THE DATA START

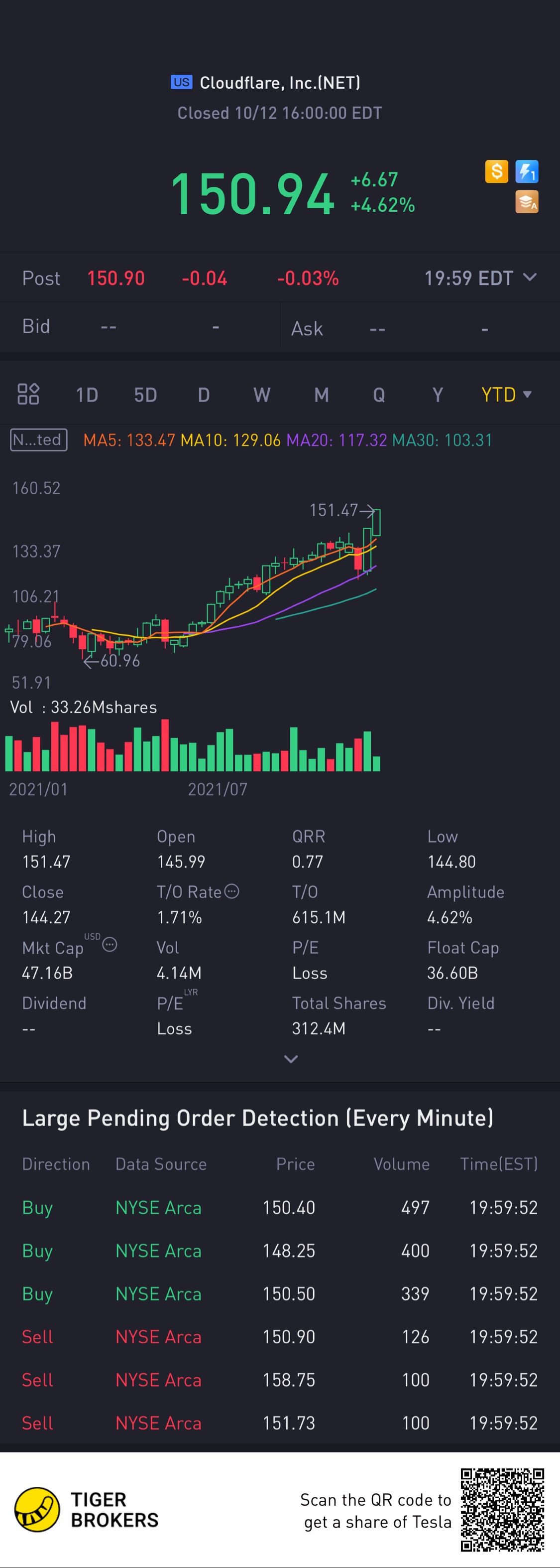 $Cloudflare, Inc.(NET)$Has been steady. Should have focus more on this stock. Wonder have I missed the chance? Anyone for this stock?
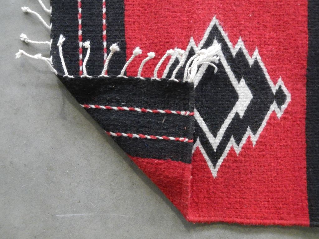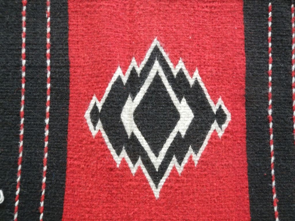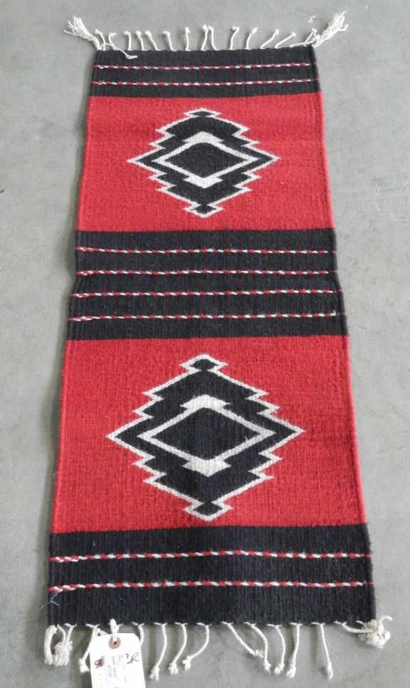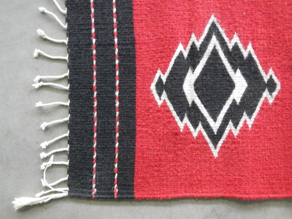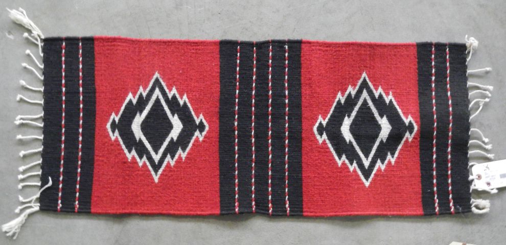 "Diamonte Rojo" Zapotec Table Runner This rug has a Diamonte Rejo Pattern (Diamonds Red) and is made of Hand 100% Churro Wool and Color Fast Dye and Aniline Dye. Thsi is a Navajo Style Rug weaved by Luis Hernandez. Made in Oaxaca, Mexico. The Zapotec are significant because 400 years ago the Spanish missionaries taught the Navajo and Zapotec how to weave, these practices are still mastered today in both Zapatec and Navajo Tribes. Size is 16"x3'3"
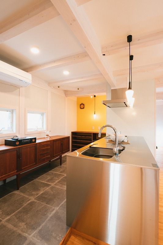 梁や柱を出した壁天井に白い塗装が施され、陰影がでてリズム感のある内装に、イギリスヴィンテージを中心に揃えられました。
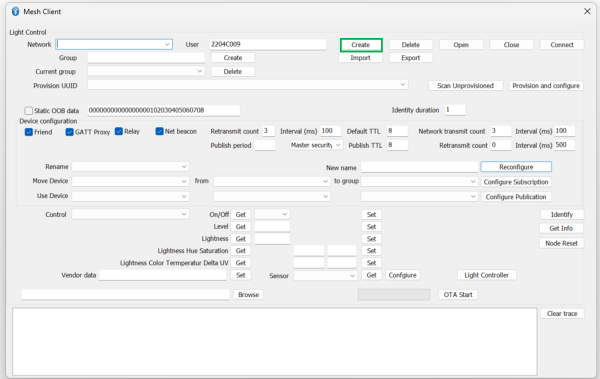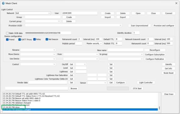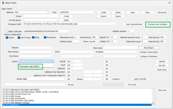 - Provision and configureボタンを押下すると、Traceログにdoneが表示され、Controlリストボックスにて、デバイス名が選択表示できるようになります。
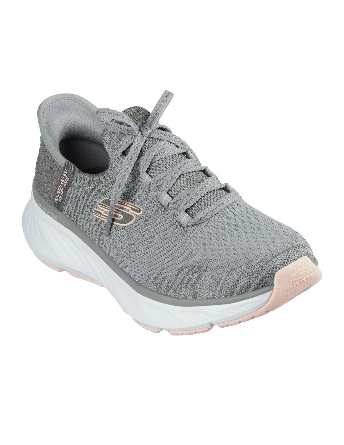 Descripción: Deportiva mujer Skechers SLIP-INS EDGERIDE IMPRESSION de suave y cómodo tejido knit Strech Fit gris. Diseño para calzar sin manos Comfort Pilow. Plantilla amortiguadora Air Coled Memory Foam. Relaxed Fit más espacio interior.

THE DATA END
THE DATA START

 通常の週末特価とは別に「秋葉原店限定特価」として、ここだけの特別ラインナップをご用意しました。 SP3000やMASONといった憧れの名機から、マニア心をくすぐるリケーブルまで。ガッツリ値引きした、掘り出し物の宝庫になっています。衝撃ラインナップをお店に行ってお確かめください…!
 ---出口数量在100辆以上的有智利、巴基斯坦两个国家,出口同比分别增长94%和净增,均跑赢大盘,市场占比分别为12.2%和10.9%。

THE DATA END
THE DATA START

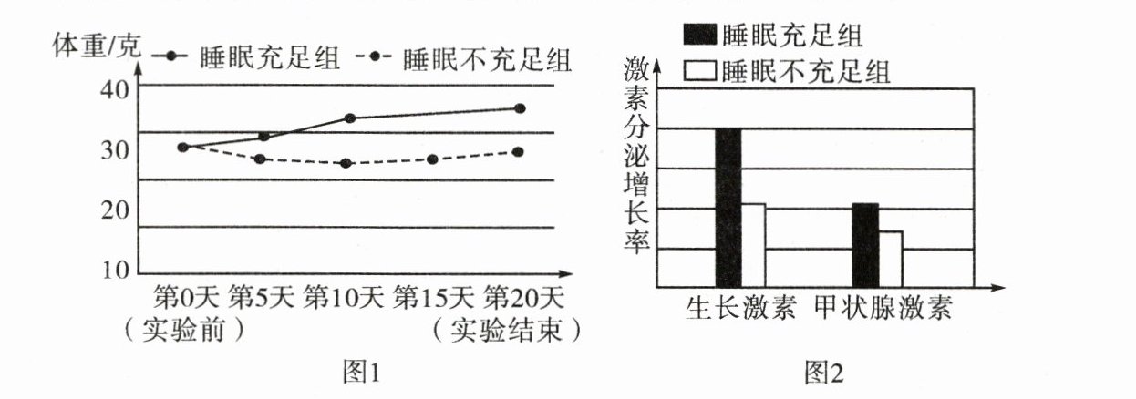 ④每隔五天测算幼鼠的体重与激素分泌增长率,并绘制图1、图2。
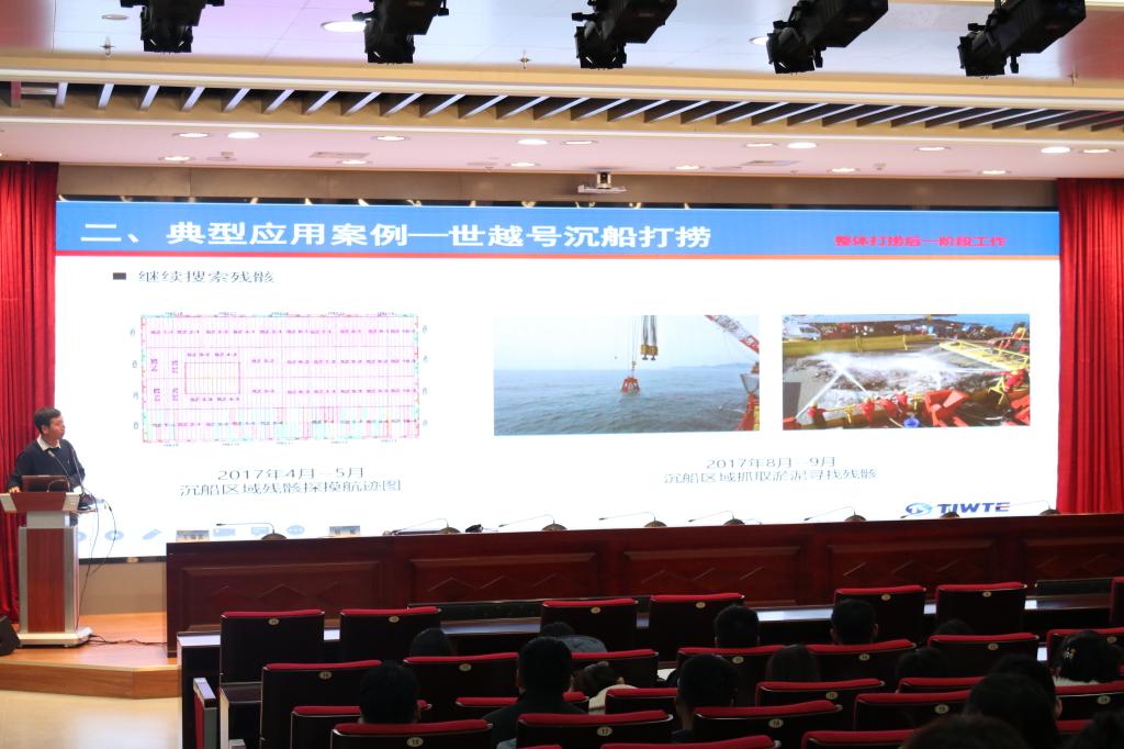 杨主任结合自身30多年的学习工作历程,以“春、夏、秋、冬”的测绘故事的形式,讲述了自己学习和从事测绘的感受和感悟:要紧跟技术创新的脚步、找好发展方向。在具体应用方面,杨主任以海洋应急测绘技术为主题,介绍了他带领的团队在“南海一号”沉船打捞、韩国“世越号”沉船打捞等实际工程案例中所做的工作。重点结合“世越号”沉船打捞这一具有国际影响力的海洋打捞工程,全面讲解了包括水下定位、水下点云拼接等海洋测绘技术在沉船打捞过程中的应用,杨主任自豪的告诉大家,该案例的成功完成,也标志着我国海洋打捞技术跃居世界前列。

THE DATA END

▶ EXERCISE: Print nothing but the lines above starting with the line that contains "for this stock?" and going on through the line that contains "Descripción: Deportiva mujer". Leave out the pictures.

▶ YOUR RESPONSE:
 $Cloudflare, Inc.(NET)$Has been steady. Should have focus more on this stock. Wonder have I missed the chance? Anyone for this stock?
 "Diamonte Rojo" Zapotec Table Runner This rug has a Diamonte Rejo Pattern (Diamonds Red) and is made of Hand 100% Churro Wool and Color Fast Dye and Aniline Dye. Thsi is a Navajo Style Rug weaved by Luis Hernandez. Made in Oaxaca, Mexico. The Zapotec are significant because 400 years ago the Spanish missionaries taught the Navajo and Zapotec how to weave, these practices are still mastered today in both Zapatec and Navajo Tribes. Size is 16"x3'3"
 梁や柱を出した壁天井に白い塗装が施され、陰影がでてリズム感のある内装に、イギリスヴィンテージを中心に揃えられました。
 - Provision and configureボタンを押下すると、Traceログにdoneが表示され、Controlリストボックスにて、デバイス名が選択表示できるようになります。
 Descripción: Deportiva mujer Skechers SLIP-INS EDGERIDE IMPRESSION de suave y cómodo tejido knit Strech Fit gris. Diseño para calzar sin manos Comfort Pilow. Plantilla amortiguadora Air Coled Memory Foam. Relaxed Fit más espacio interior.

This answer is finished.